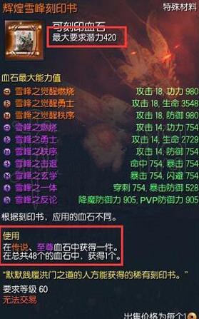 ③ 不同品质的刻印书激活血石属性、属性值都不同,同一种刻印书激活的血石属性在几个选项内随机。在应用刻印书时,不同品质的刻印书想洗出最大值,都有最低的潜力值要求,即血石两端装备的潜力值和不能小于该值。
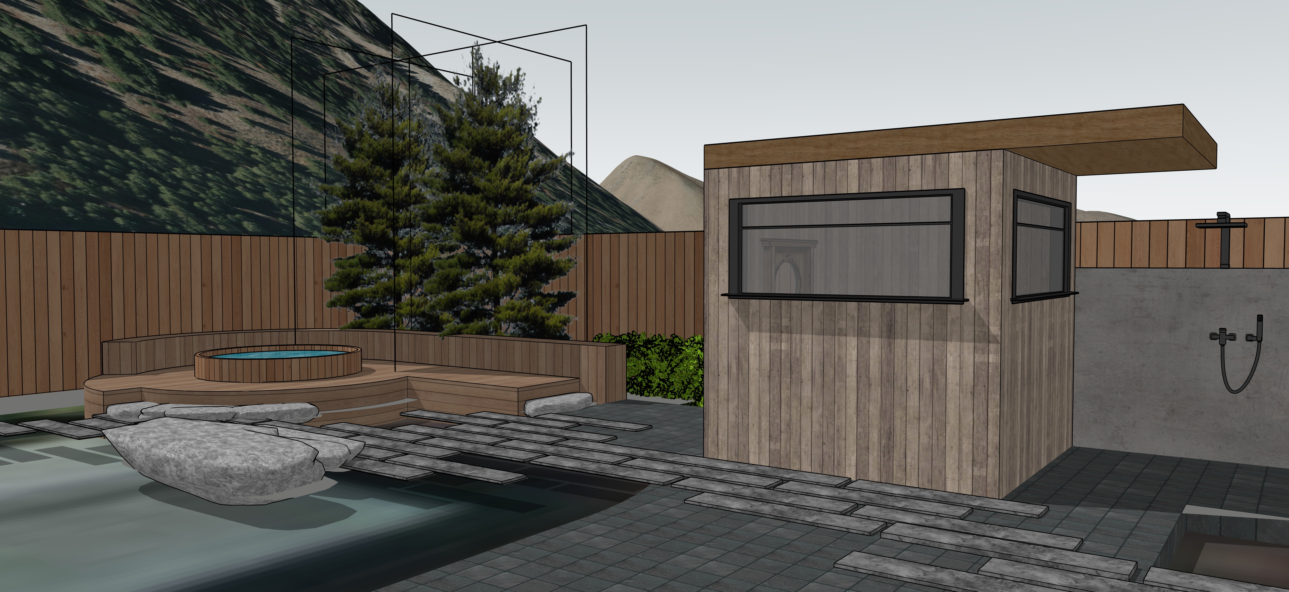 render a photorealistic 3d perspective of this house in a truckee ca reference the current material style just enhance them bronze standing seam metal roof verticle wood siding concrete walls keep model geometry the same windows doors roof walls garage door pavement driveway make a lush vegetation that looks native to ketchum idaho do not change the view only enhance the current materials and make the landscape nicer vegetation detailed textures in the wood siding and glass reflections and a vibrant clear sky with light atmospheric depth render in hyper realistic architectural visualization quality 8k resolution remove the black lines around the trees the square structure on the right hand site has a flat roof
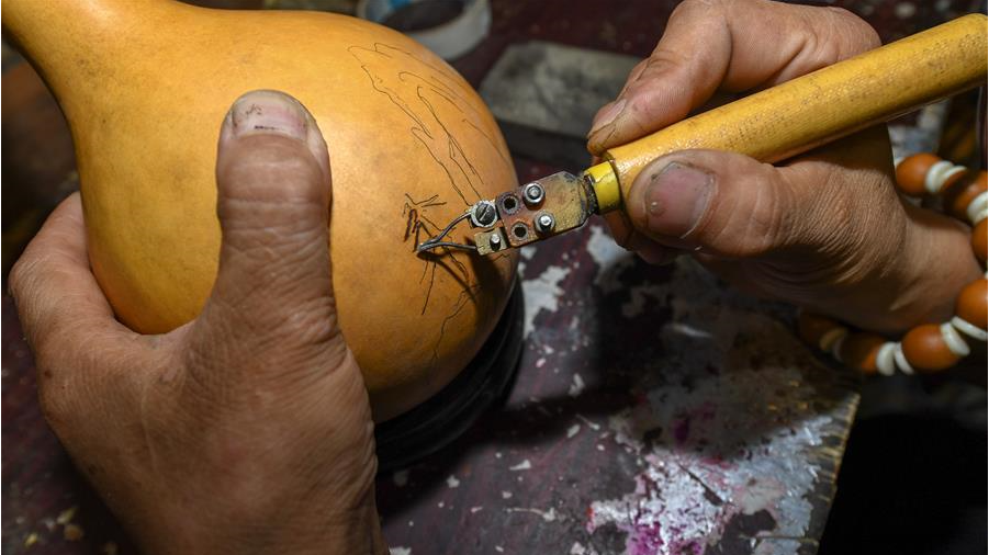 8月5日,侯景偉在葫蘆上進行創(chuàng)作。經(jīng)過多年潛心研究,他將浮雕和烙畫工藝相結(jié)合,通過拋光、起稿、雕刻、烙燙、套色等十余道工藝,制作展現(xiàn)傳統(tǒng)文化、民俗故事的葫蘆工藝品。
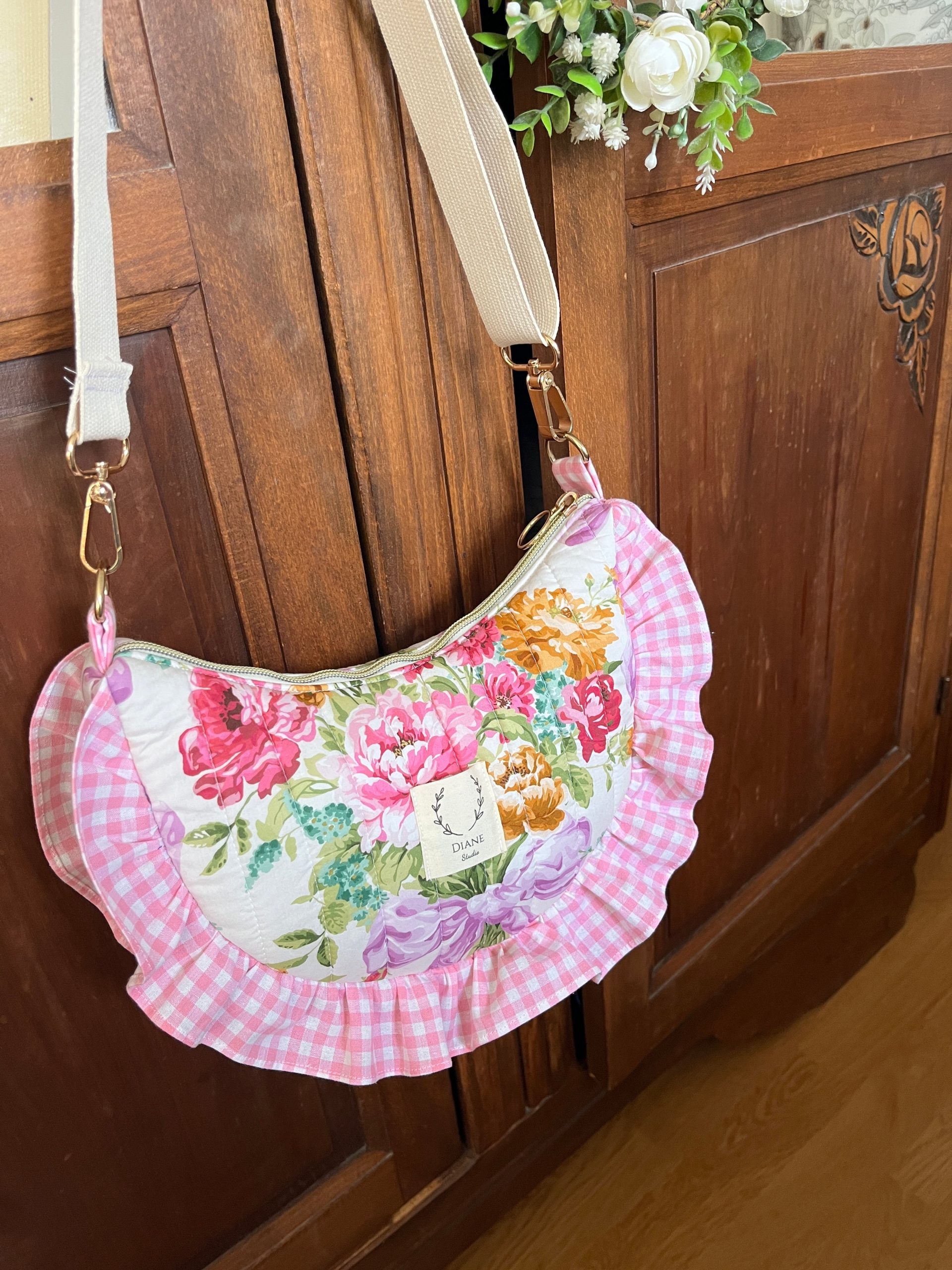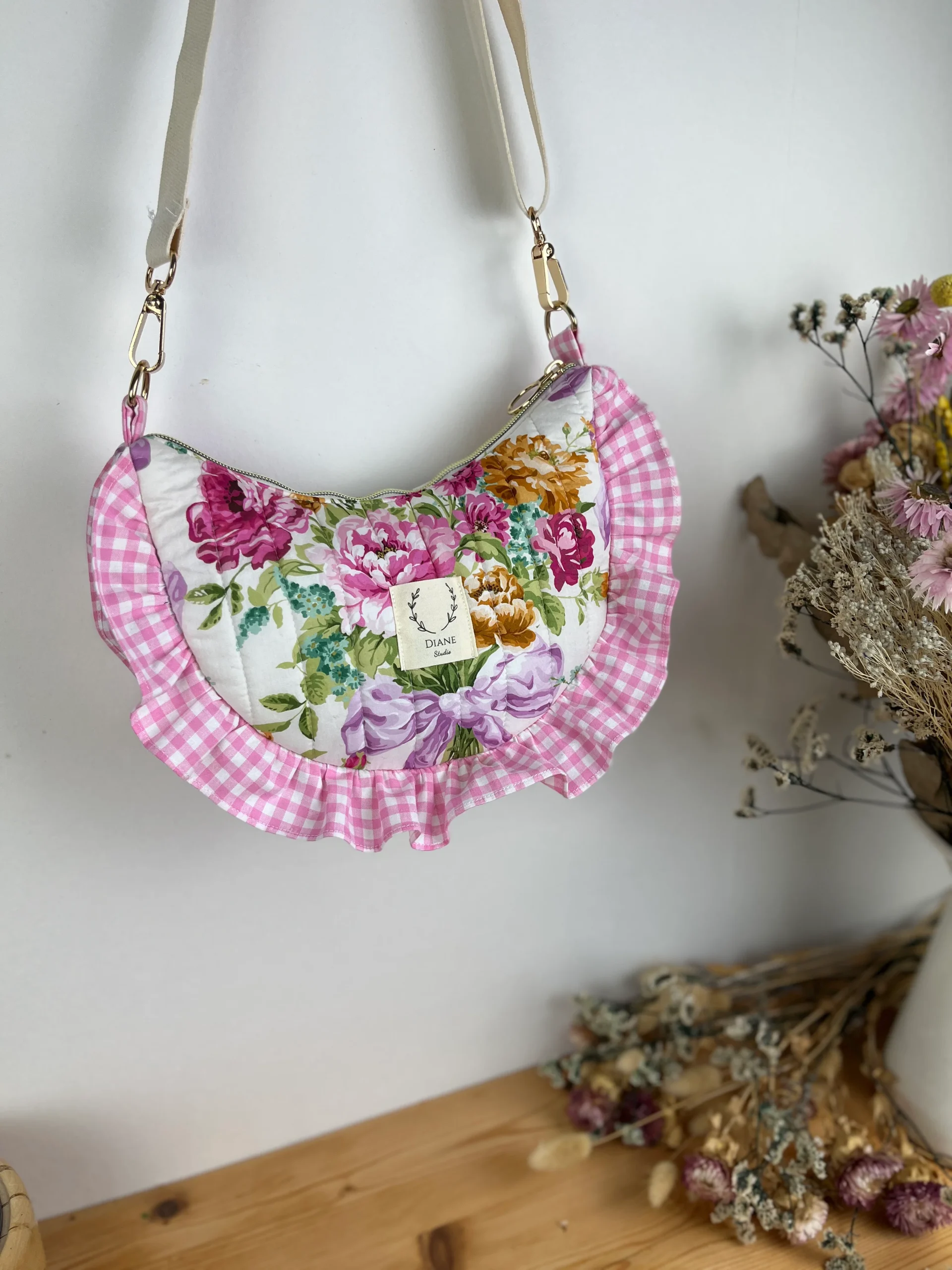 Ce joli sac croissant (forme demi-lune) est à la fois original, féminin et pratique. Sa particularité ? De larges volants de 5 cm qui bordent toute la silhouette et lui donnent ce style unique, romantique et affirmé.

**EXERCISE BRIEF**
In the copy you return, include exactly the lines from the one containing "8月5日,侯景偉在葫蘆上進行" through the final line of the listing, and no pictures.

**FINAL ANSWER**
 8月5日,侯景偉在葫蘆上進行創(chuàng)作。經(jīng)過多年潛心研究,他將浮雕和烙畫工藝相結(jié)合,通過拋光、起稿、雕刻、烙燙、套色等十余道工藝,制作展現(xiàn)傳統(tǒng)文化、民俗故事的葫蘆工藝品。
 Ce joli sac croissant (forme demi-lune) est à la fois original, féminin et pratique. Sa particularité ? De larges volants de 5 cm qui bordent toute la silhouette et lui donnent ce style unique, romantique et affirmé.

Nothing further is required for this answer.